И тут подал голос большой сечевой барабан; по сигналу его исполинский татарско-казацкий полумесяц тотчас же рванулся с места вперед. Хмельницкий, как видно, собирался одним ударом смести хоругви и занять лагерь. Случись сумятица, такое стало бы возможно. Однако ничего подобного в польских отрядах не произошло. Они стояли спокойно, развернувшись довольно долгой линией, тыл которой прикрывался окопом, а фланги войсковыми пушками. Следовательно, ударить по ним можно было только с фронта. В какой-то момент казалось, что они примут бой на месте, но, когда полумесяц прошел уже половину луга, в окопе протрубили сигнал к атаке, и мгновенно частокол копий, торчавших до сей поры вверх, разом накренился на высоту конских голов.
— Гусары пошли! — крикнул пан Скшетуский.

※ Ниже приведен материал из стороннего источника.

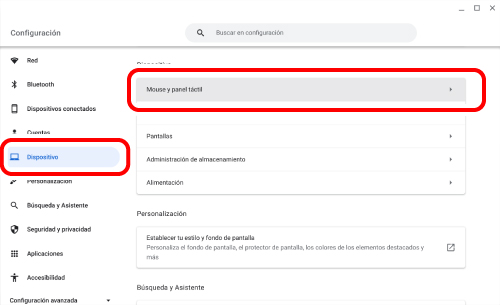 3) Haga clic en "Mouse y panel táctil" en "Dispositivo".
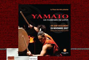 Un énorme tambour japonais (paraît que ça s'appelle des taïkos) au fond de la scène.Les autres taïkos sont disséminés sur le devant de la scène puis le rideau se lève.

И верно, они, склонясь в седлах, двинулись вперед, а вслед им драгунские хоругви и вся боевая линия.
Гусарский удар был страшен. С разгона он пришелся на три куреня — два стеблевских и миргородский — и во мгновение их уничтожил. Вой донесся до ушей пана Скшетуского. Кони и люди, опрокинутые громадной тяжестью железных всадников, полегли, точно нива от выдоха грозы. Сопротивление было столь кратковременно, что Скшетускому показалось, будто некое громадное чудовище одним разом проглотило сразу три полка. А ведь в них были отборнейшие сечевики. Кони в запорожских рядах, напуганные шумом крыльев, перестали повиноваться всадникам. Полки ирклеевский, кальниболоцкий, минский, шкуринский и титоровский совершенно смешали свои ряды, а под напором бегущих с поля боя стали и сами отступать в беспорядке. Тем временем драгуны подоспели за гусарами и вместе с ними принялись вершить кровавую жатву. Васюринский курень после упорного, но короткого сопротивления рассыпался и в диком переполохе мчался прямо на свои же окопы. Центр сил Хмельницкого неотвратимо подавался и, побиваемый, согнанный в беспорядочные толпы, полосуемый мечами, теснимый железным шквалом, никак не мог улучить время, чтобы остановиться и заново перестроиться.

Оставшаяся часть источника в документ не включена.